**Description of the task**
Copy exactly the lines from the one containing "PNG aesthetic postage" through the last line of the records below, including both, and leave out any pictures.

**Information**
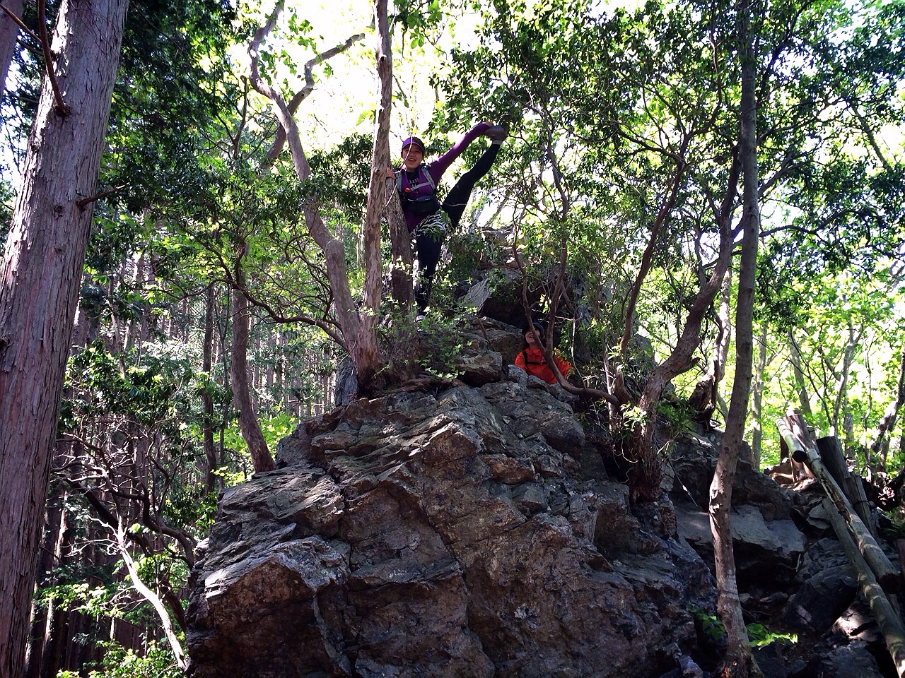 棒の嶺前の2つのコースが合流するところに大きな岩!(岩茸石) 高い場所が好きなわたしは登ってポーズ。
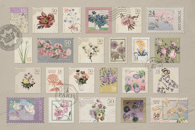 PNG aesthetic postage stamp sticker, ephemera coral collage element, transparent background, remixed by rawpixel
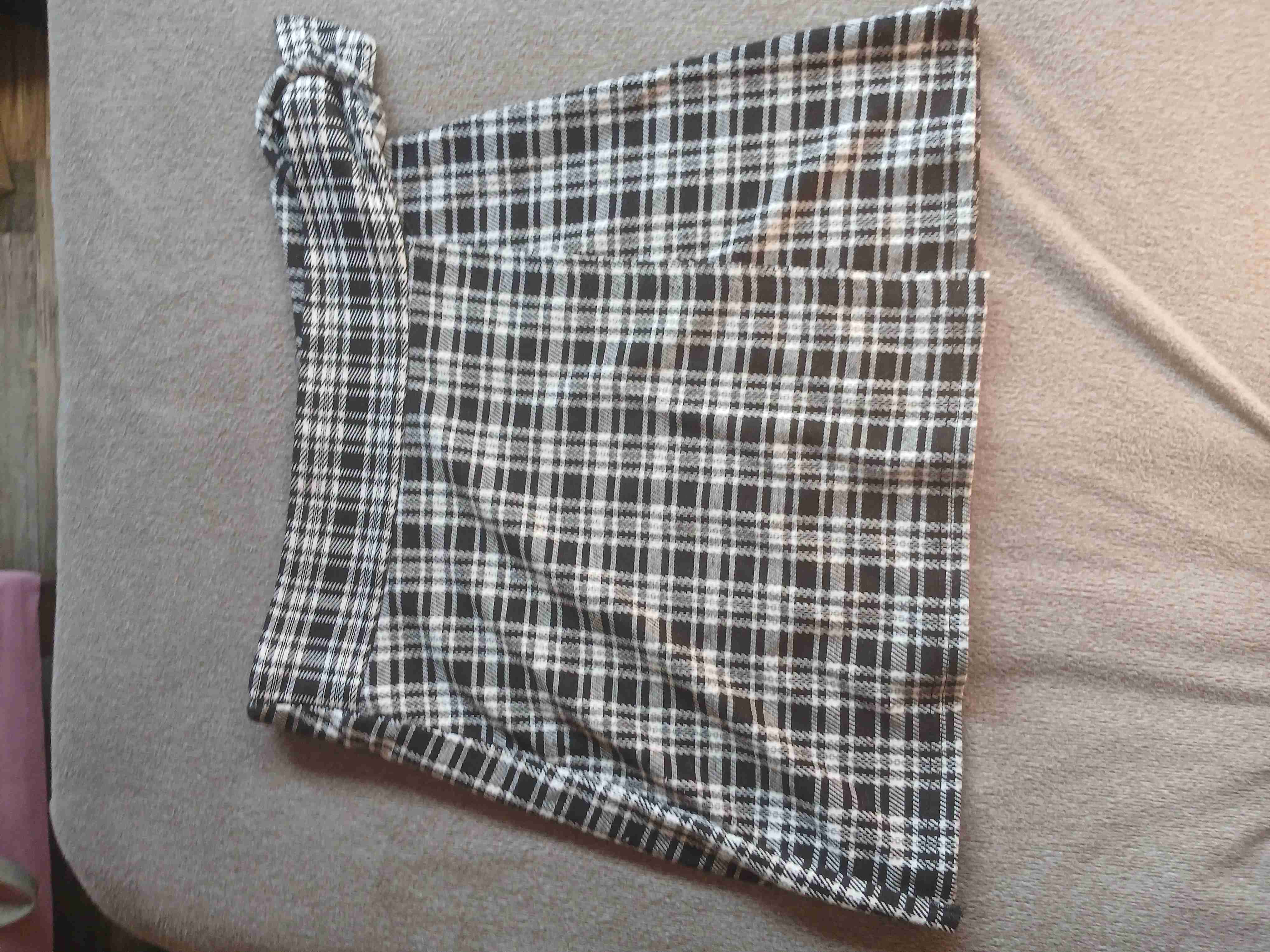 Falda corta de cuadros en buen estado, ideal para salidas casuales o formales.
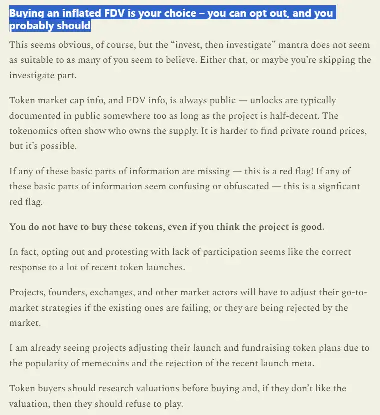 确实,人们已经选择退出:这个周期我们已经看到「CEX 代币」的衰落,因为零售参与者选择不购买这些代币;虽然个人可能没有能力在系统层面上改变这个系统性问题,但好消息是金融市场相当高效——人们想赚钱,当现有机制不赚钱时,他们就不投资,从而使整个过程无利可图,从而迫使机制改变。
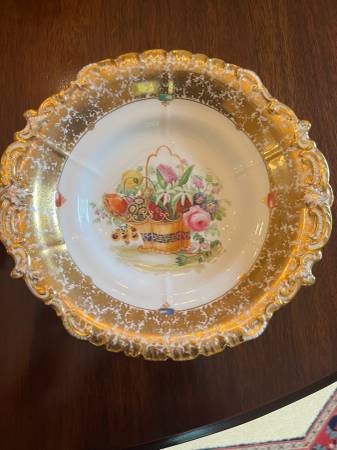 Pair of Cornucopia Gold Trim Dishes in Excellent Condition 10 diameter x 2 h On 3 feet Smoke and pet free household
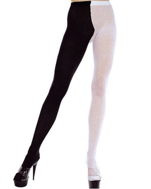 With one leg in white, and one in black, these Black and White Two Tone Opaque Tights are a great jester or pantomime accessory.
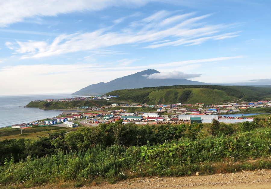 Вулканы Баранского (1134м), Иван Грозный (1158м) и Тебенькова (1212м) окружают Курильск со всех сторон, защищая от холодных ветров с открытого Тихого океана. Поэтому даже во время тайфунов тут относительно сухо и тепло.
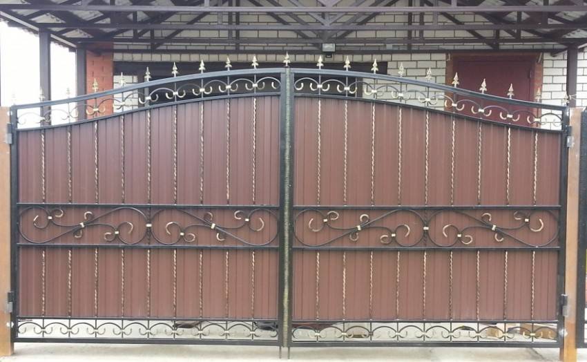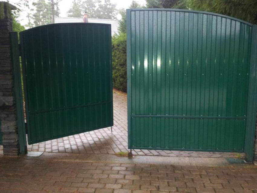 Универсальное решение, створки крепятся на навесных петлях, если дверцы тяжелые, используется подшипниковая фурнитура. Одна дверца может быть шире другой. Среди преимуществ распашных моделей — невысокая цена за квадратный метр и простой монтаж. Рекомендуемая ширина для проезда транспортных средств — 3,5–4 м, высота — не менее 2 м.
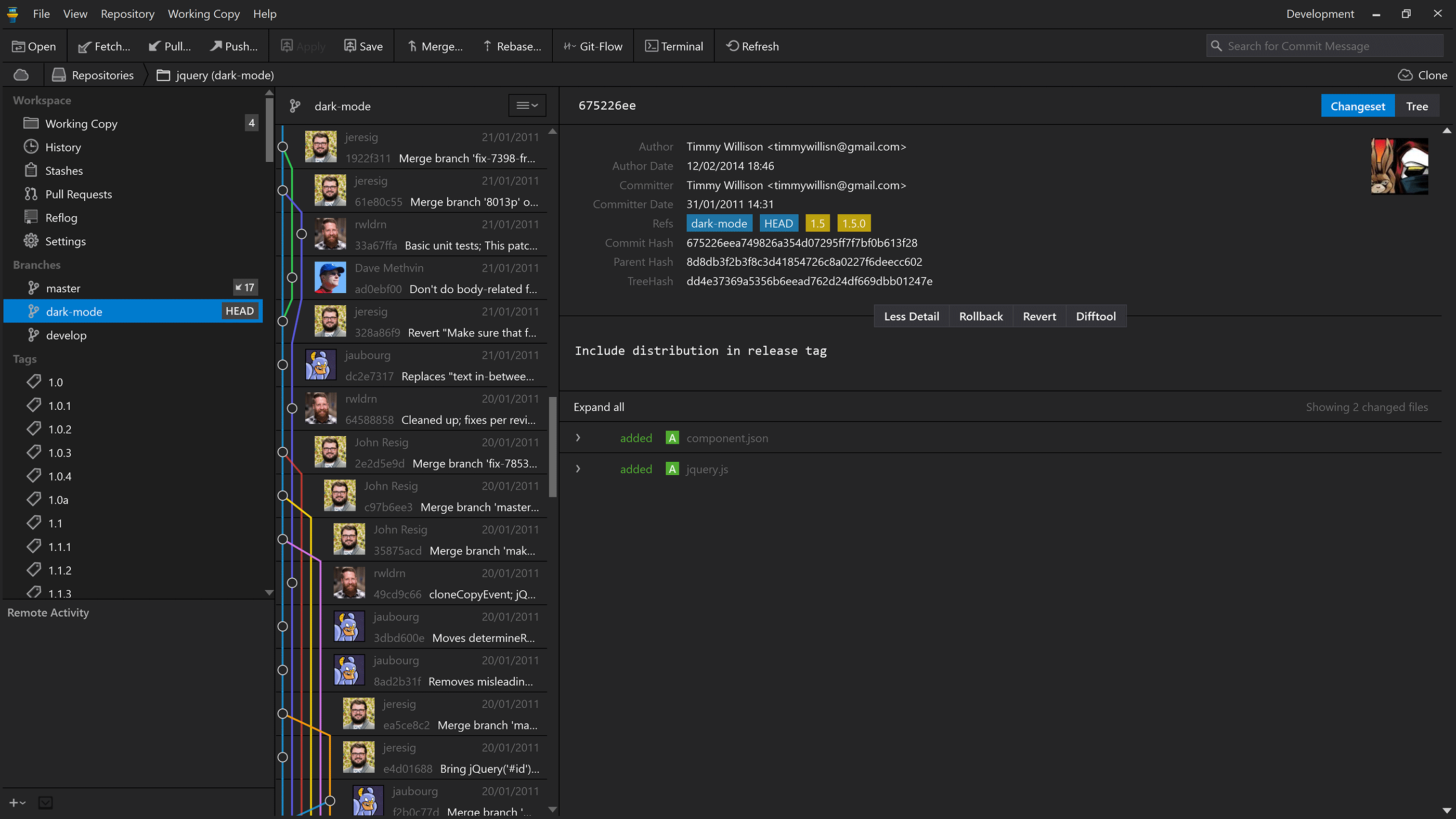 The commit history view in the upcoming "Dark Mode" release of Tower for Windows.

**Solution below**
 PNG aesthetic postage stamp sticker, ephemera coral collage element, transparent background, remixed by rawpixel
 Falda corta de cuadros en buen estado, ideal para salidas casuales o formales.
 确实,人们已经选择退出:这个周期我们已经看到「CEX 代币」的衰落,因为零售参与者选择不购买这些代币;虽然个人可能没有能力在系统层面上改变这个系统性问题,但好消息是金融市场相当高效——人们想赚钱,当现有机制不赚钱时,他们就不投资,从而使整个过程无利可图,从而迫使机制改变。
 Pair of Cornucopia Gold Trim Dishes in Excellent Condition 10 diameter x 2 h On 3 feet Smoke and pet free household
 With one leg in white, and one in black, these Black and White Two Tone Opaque Tights are a great jester or pantomime accessory.
 Вулканы Баранского (1134м), Иван Грозный (1158м) и Тебенькова (1212м) окружают Курильск со всех сторон, защищая от холодных ветров с открытого Тихого океана. Поэтому даже во время тайфунов тут относительно сухо и тепло.
 Универсальное решение, створки крепятся на навесных петлях, если дверцы тяжелые, используется подшипниковая фурнитура. Одна дверца может быть шире другой. Среди преимуществ распашных моделей — невысокая цена за квадратный метр и простой монтаж. Рекомендуемая ширина для проезда транспортных средств — 3,5–4 м, высота — не менее 2 м.
 The commit history view in the upcoming "Dark Mode" release of Tower for Windows.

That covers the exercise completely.